**Exercise details**
Find, in the records below, the line that contains "траве в черном" and the line that contains "и пенала ПН-01.". Copy those two lines and everything between them exactly, but not the pictures.

Segment Start: Data records

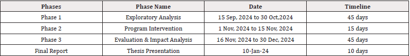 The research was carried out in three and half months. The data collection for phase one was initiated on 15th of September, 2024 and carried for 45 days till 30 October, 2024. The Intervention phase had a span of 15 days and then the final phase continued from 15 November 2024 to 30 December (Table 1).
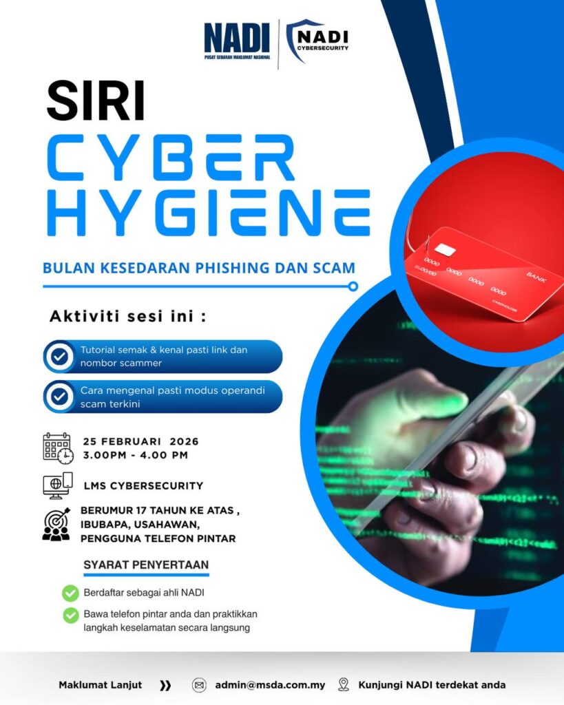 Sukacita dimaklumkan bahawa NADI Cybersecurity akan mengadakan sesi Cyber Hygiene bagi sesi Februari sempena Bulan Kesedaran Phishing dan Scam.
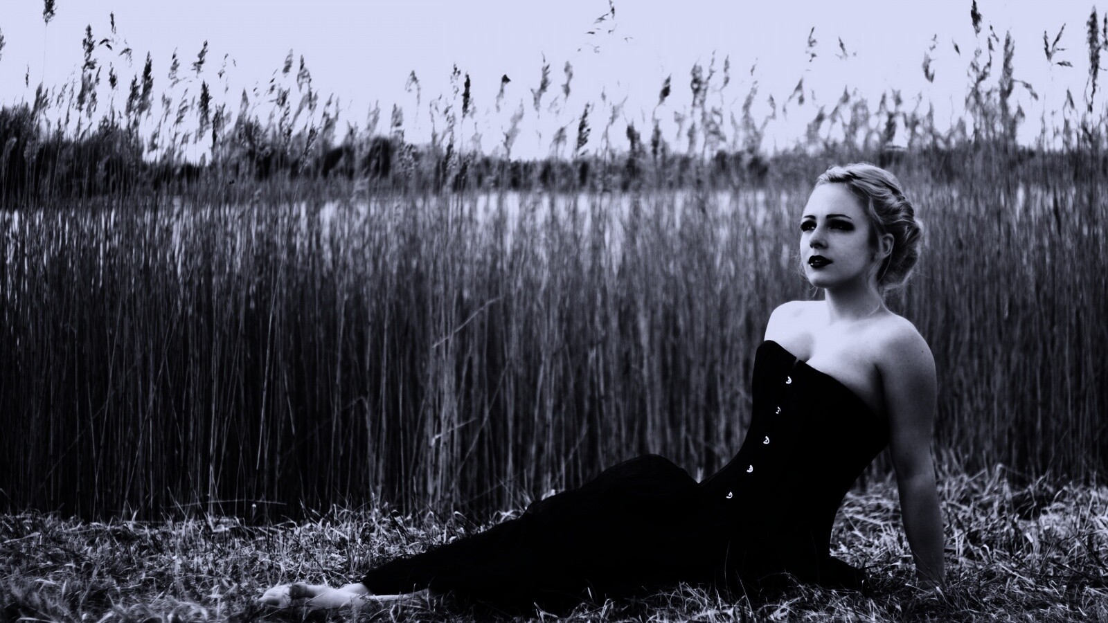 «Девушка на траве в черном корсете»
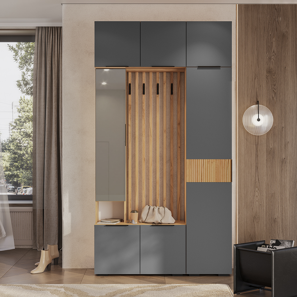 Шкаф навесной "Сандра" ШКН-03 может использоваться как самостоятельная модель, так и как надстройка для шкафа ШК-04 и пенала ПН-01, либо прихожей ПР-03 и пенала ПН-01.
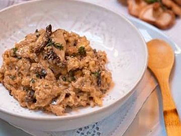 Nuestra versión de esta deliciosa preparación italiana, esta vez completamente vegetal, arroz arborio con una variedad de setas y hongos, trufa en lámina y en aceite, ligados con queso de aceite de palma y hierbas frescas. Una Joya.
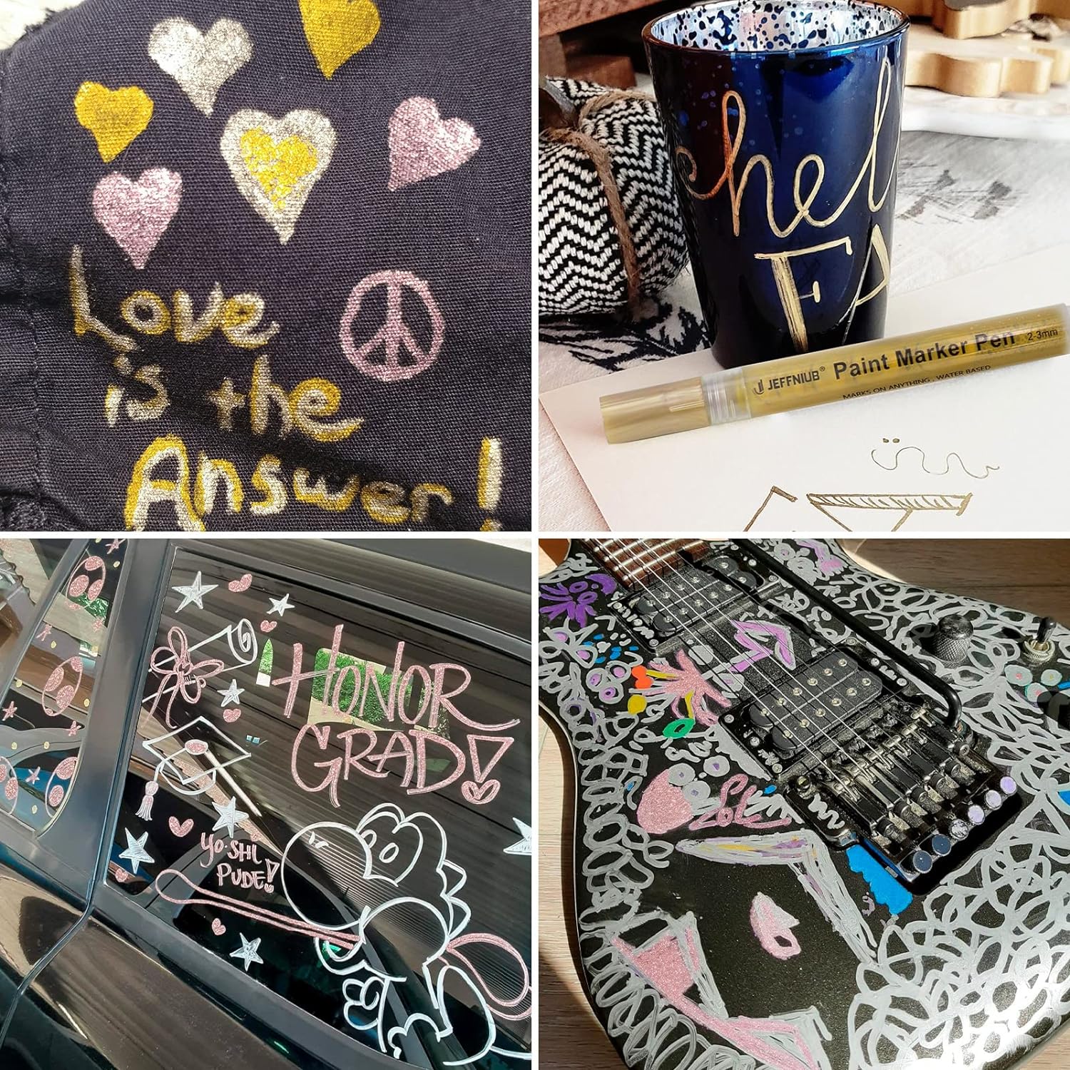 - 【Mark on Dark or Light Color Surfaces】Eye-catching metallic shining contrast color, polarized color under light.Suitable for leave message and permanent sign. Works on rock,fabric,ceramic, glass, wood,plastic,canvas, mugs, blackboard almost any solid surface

Segment End: Data records

**Written solution**
 «Девушка на траве в черном корсете»
 Шкаф навесной "Сандра" ШКН-03 может использоваться как самостоятельная модель, так и как надстройка для шкафа ШК-04 и пенала ПН-01, либо прихожей ПР-03 и пенала ПН-01.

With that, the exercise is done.